(Collection entries)

:::

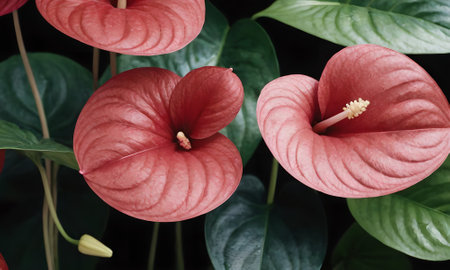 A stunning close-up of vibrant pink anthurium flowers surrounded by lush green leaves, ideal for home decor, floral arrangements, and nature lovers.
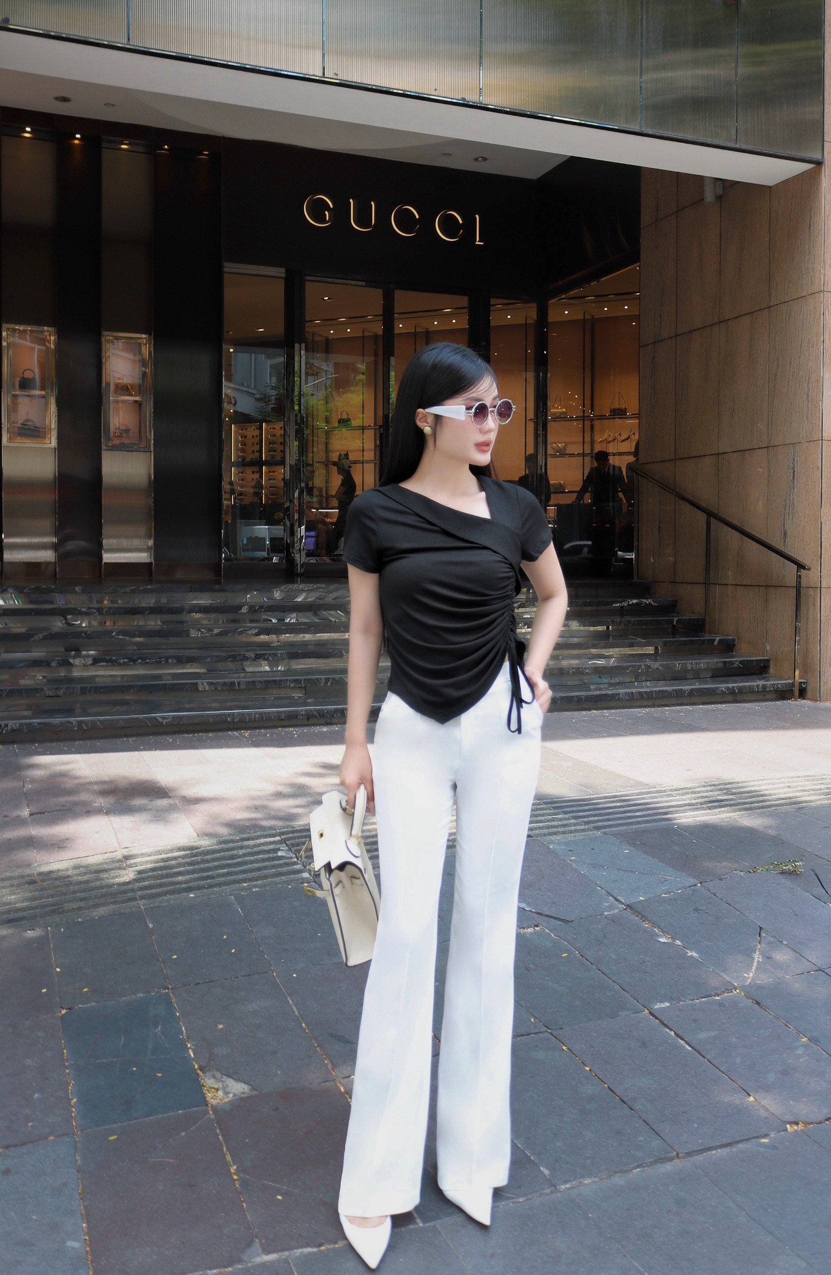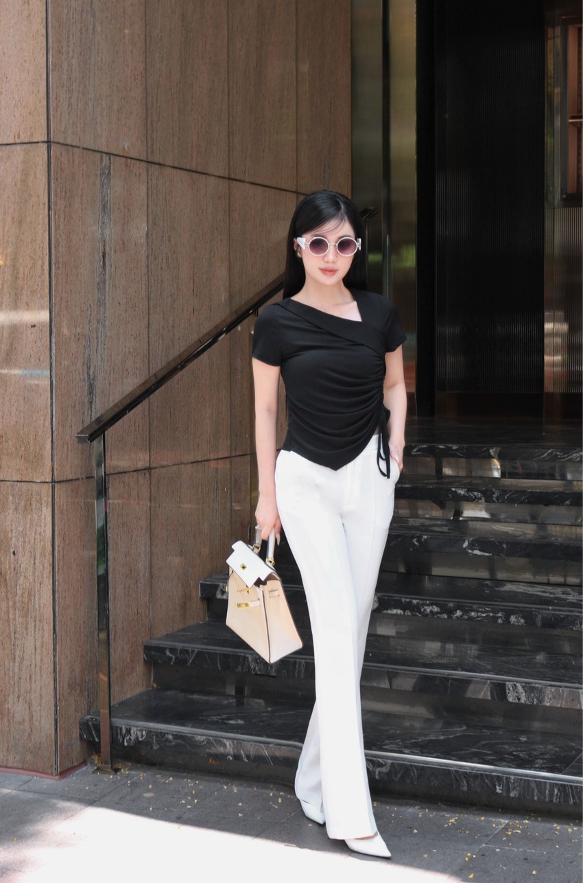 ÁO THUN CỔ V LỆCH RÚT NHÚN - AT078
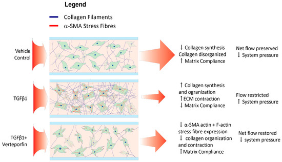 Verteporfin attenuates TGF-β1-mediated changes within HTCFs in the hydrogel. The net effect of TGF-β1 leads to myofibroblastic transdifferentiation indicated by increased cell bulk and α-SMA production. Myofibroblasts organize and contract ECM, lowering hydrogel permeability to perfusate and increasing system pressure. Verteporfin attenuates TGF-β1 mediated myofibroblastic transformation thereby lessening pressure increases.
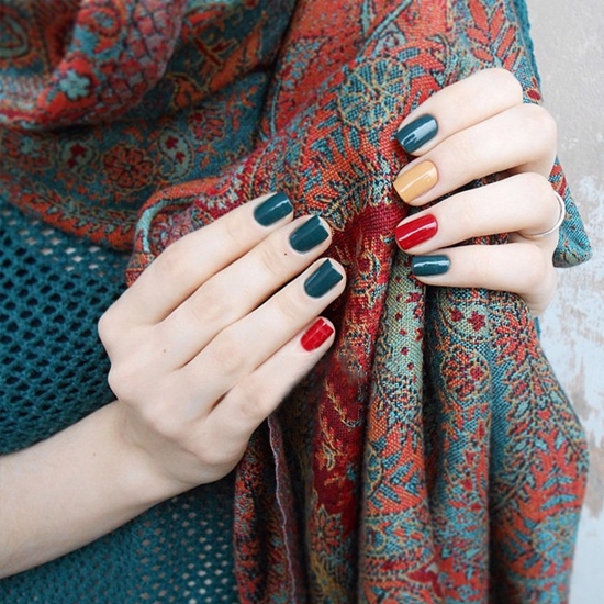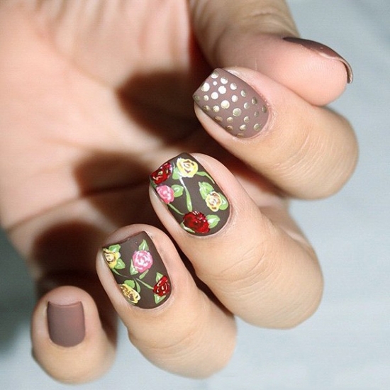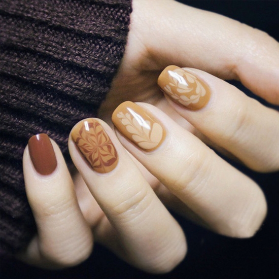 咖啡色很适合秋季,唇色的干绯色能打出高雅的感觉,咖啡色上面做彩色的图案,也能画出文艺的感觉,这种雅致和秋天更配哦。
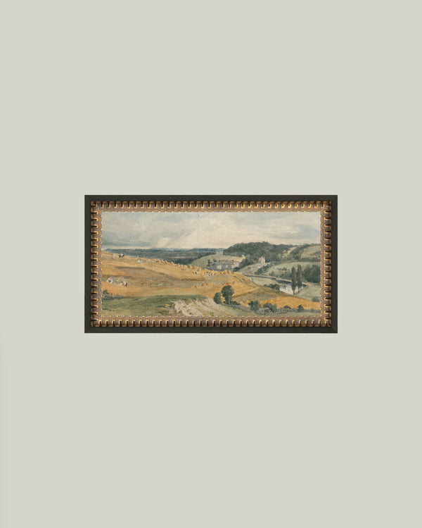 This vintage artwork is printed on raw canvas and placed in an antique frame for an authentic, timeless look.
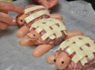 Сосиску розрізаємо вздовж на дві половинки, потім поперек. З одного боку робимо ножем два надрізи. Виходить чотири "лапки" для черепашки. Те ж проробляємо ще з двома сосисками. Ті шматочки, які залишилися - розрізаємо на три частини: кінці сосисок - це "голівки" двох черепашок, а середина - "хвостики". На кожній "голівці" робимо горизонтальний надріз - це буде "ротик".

:::

> [Work to complete]:
Please print the entries shown above again, exactly, and skip the pictures.

> [Response area]:
 A stunning close-up of vibrant pink anthurium flowers surrounded by lush green leaves, ideal for home decor, floral arrangements, and nature lovers.
 ÁO THUN CỔ V LỆCH RÚT NHÚN - AT078
 Verteporfin attenuates TGF-β1-mediated changes within HTCFs in the hydrogel. The net effect of TGF-β1 leads to myofibroblastic transdifferentiation indicated by increased cell bulk and α-SMA production. Myofibroblasts organize and contract ECM, lowering hydrogel permeability to perfusate and increasing system pressure. Verteporfin attenuates TGF-β1 mediated myofibroblastic transformation thereby lessening pressure increases.
 咖啡色很适合秋季,唇色的干绯色能打出高雅的感觉,咖啡色上面做彩色的图案,也能画出文艺的感觉,这种雅致和秋天更配哦。
 This vintage artwork is printed on raw canvas and placed in an antique frame for an authentic, timeless look.
 Сосиску розрізаємо вздовж на дві половинки, потім поперек. З одного боку робимо ножем два надрізи. Виходить чотири "лапки" для черепашки. Те ж проробляємо ще з двома сосисками. Ті шматочки, які залишилися - розрізаємо на три частини: кінці сосисок - це "голівки" двох черепашок, а середина - "хвостики". На кожній "голівці" робимо горизонтальний надріз - це буде "ротик".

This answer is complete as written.